Does cold weather hurt the economy?
Icicles on a tree. Source: Wikipedia
On the face of it, it sure seems that way. Frigid temperatures keep people home and depress retail sales. They hurt agricultural output and can lead to injuries or even death from accidents and physical stress. There’s even some thought that the 16th century’s “little ice age” may have led to crop failures and witch trials.
Certainly extreme weather interrupts us. It’s hard to go shopping or plant crops when you have to shovel out. And storms, droughts, and cold-snaps affect short-term commodity prices. But the effect is local. Three inches of snow in Minneapolis is no big deal; in Washington, DC it’s enough to shut down the government.

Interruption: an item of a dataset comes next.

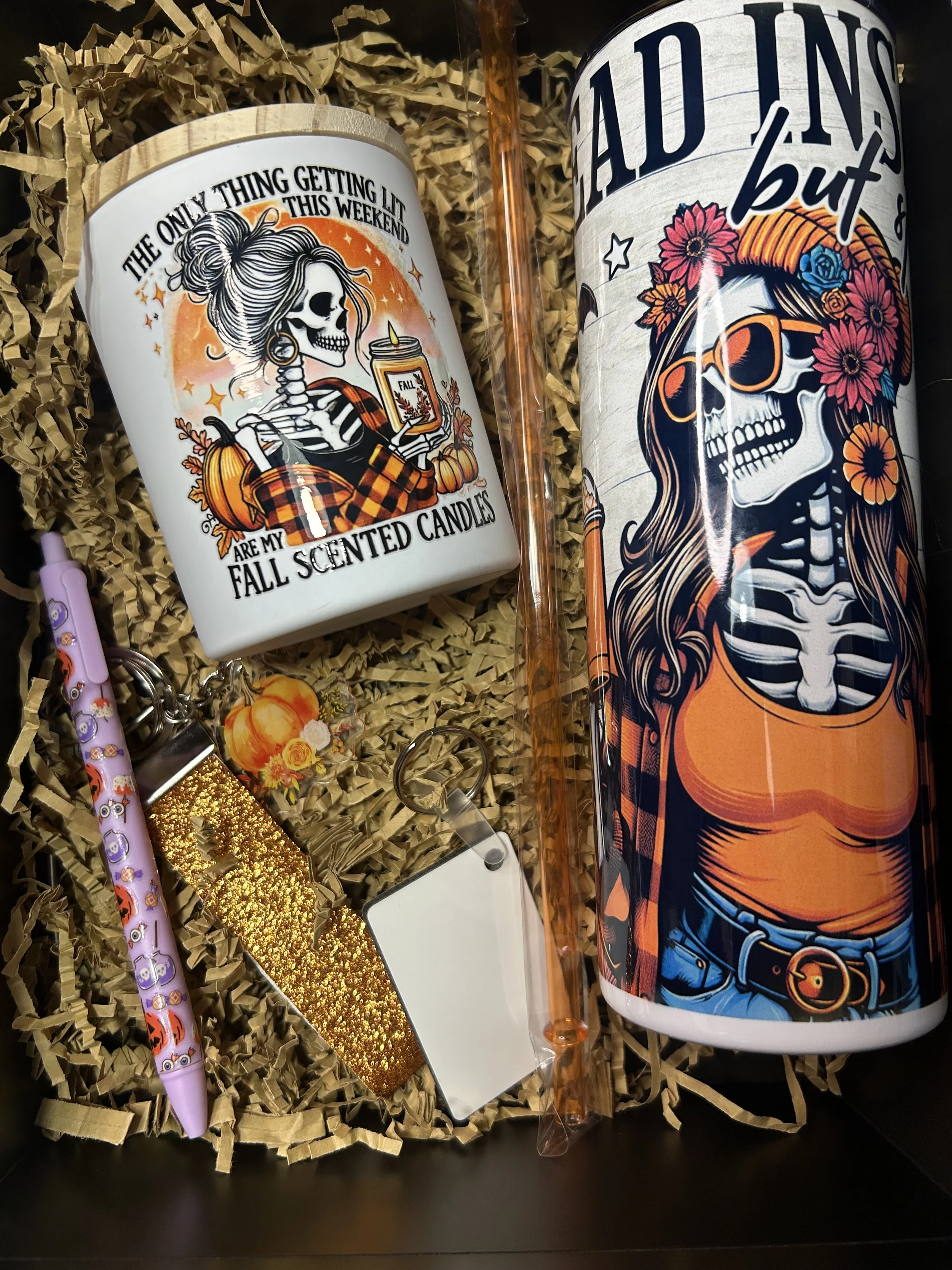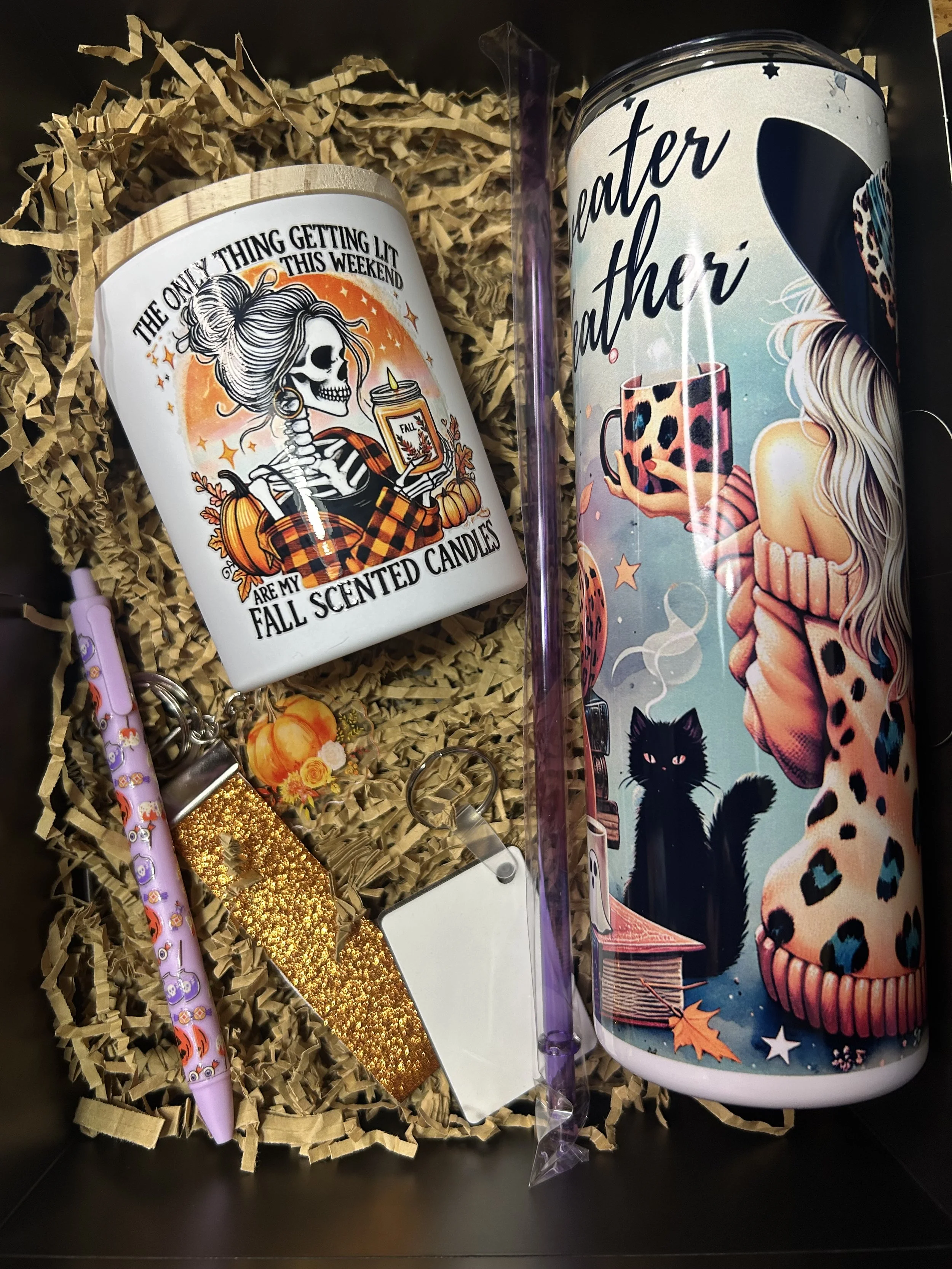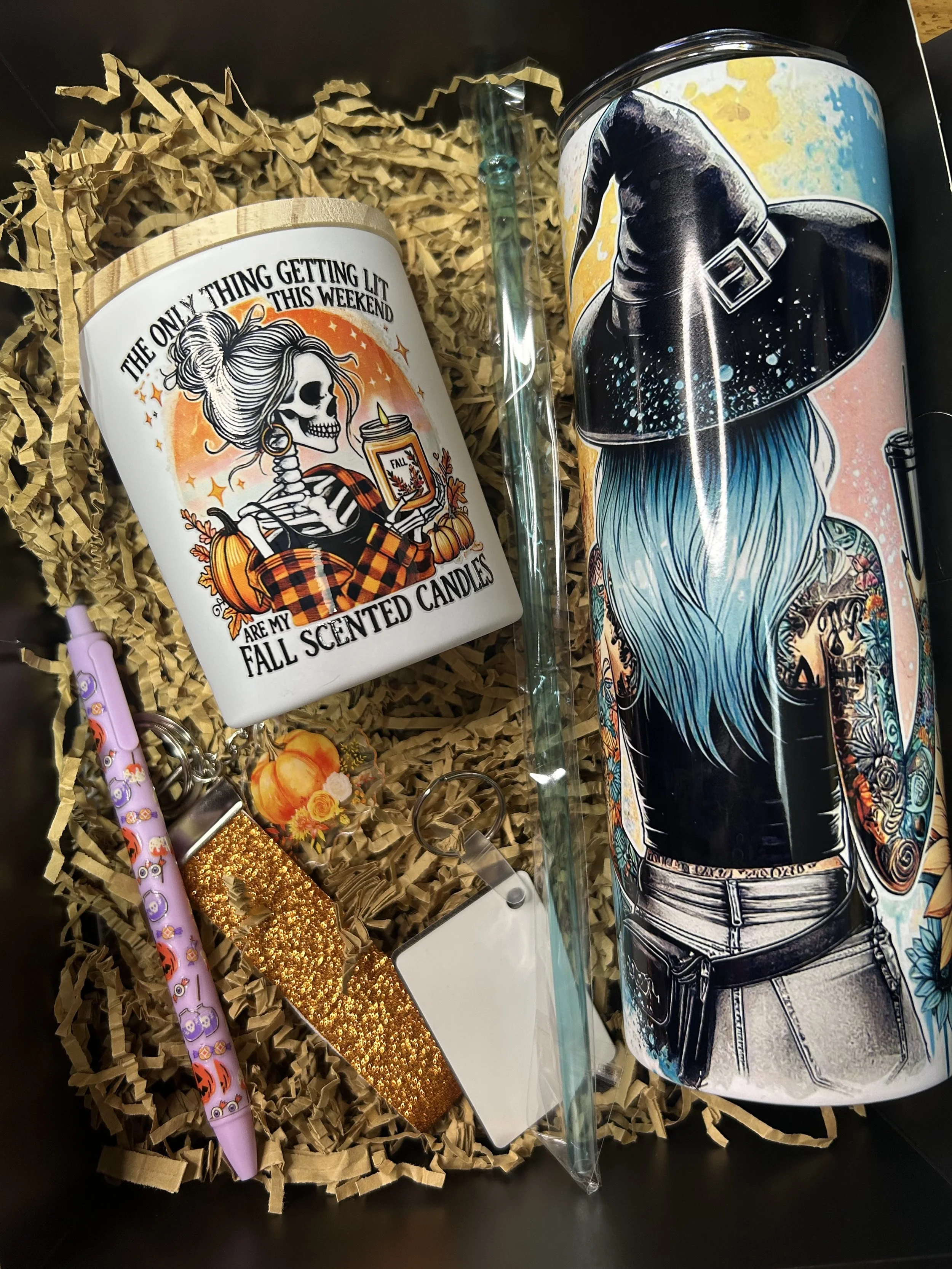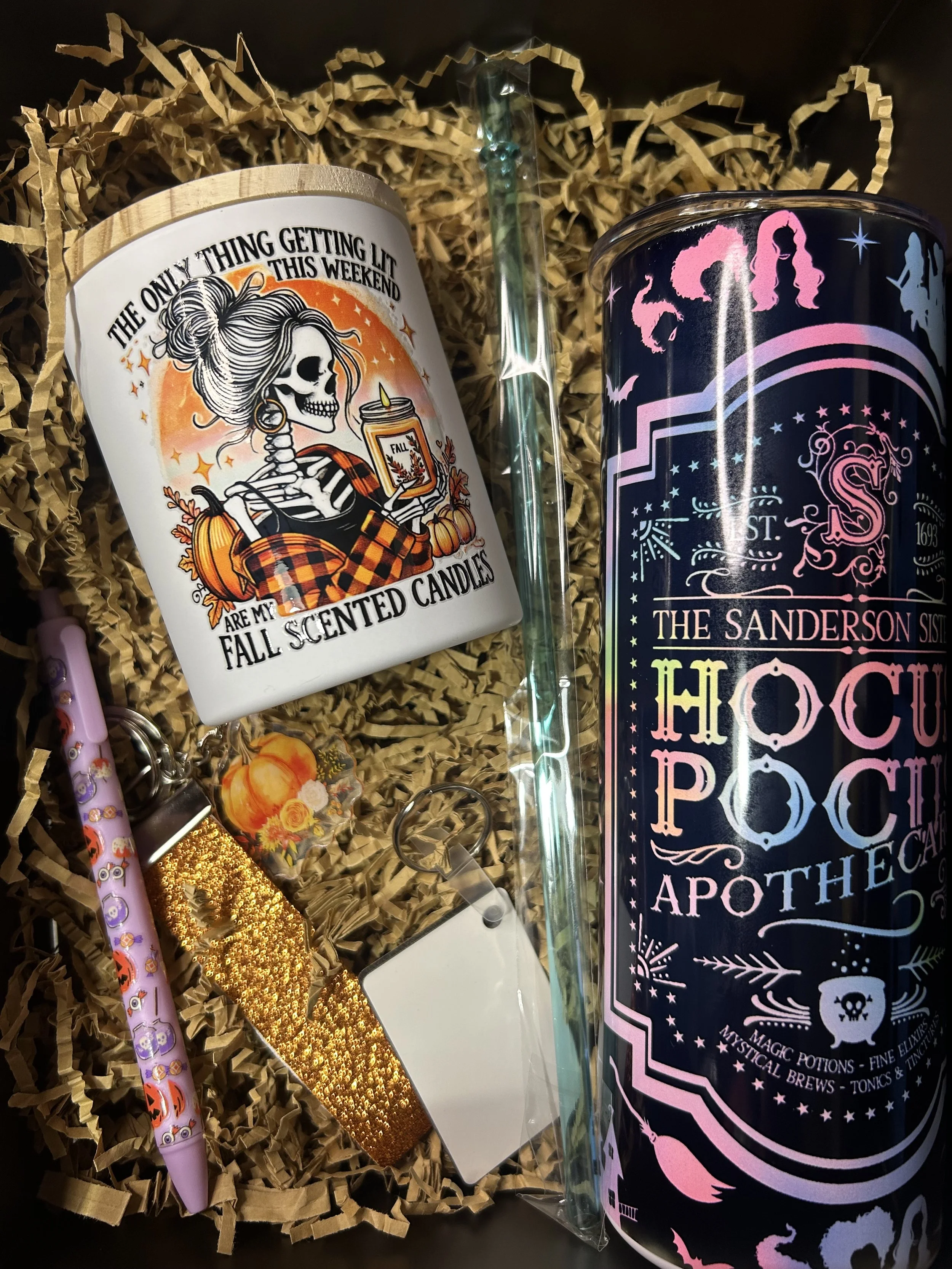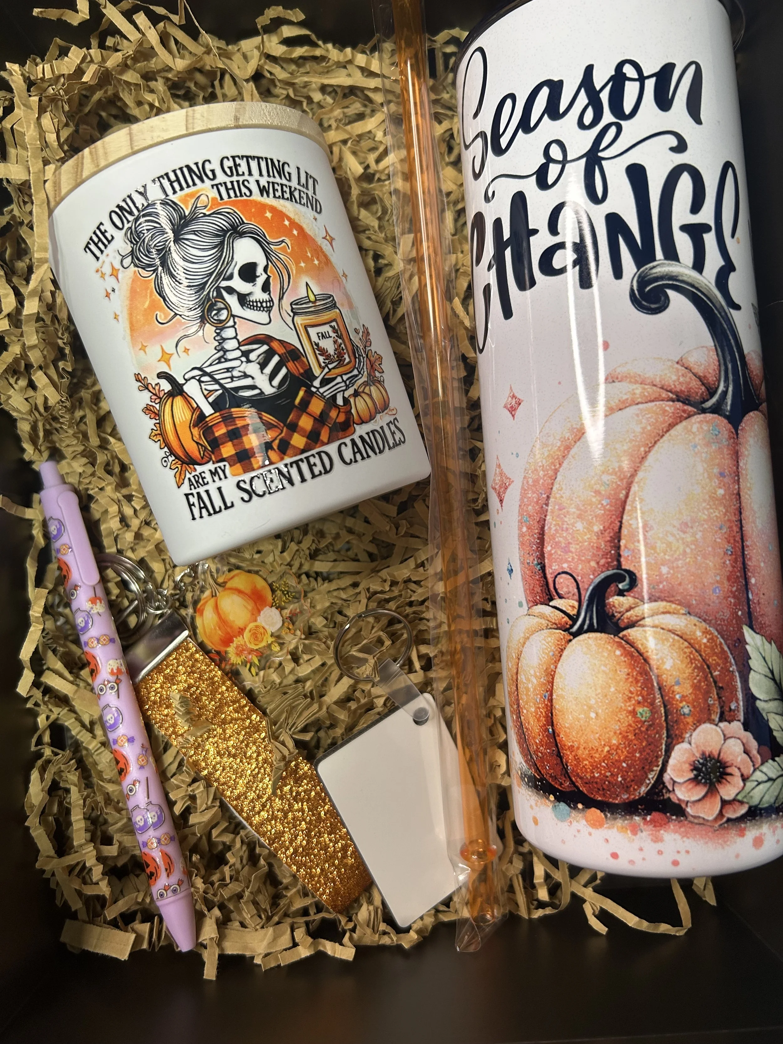 Comes with a fall/halloween themed 20oz tumbler(choose from options pictured), a homemade 10oz candle, 2 accessories and a keychain that you can customize front and back.

But our economy has adapted to deal with minor disruptions. Telecommuting makes it possible for people to still work when they can’t drive to the office; insurance helps us put our lives back together after a big storm. There are also some surprising health benefits from cold weather, like reducing inflammation and killing off parasite-carrying mosquitoes.
Fashion retailers—like H&M or TJ Maxx—seem especially vulnerable to a big freeze. But sales of fleece pullovers and sweaters go up when the temperature goes down. They just don’t make up for lost spring-wear sales.
It’s disruption—not cold—that’s the real challenge. But the more diverse an economy is, the better we can all adapt.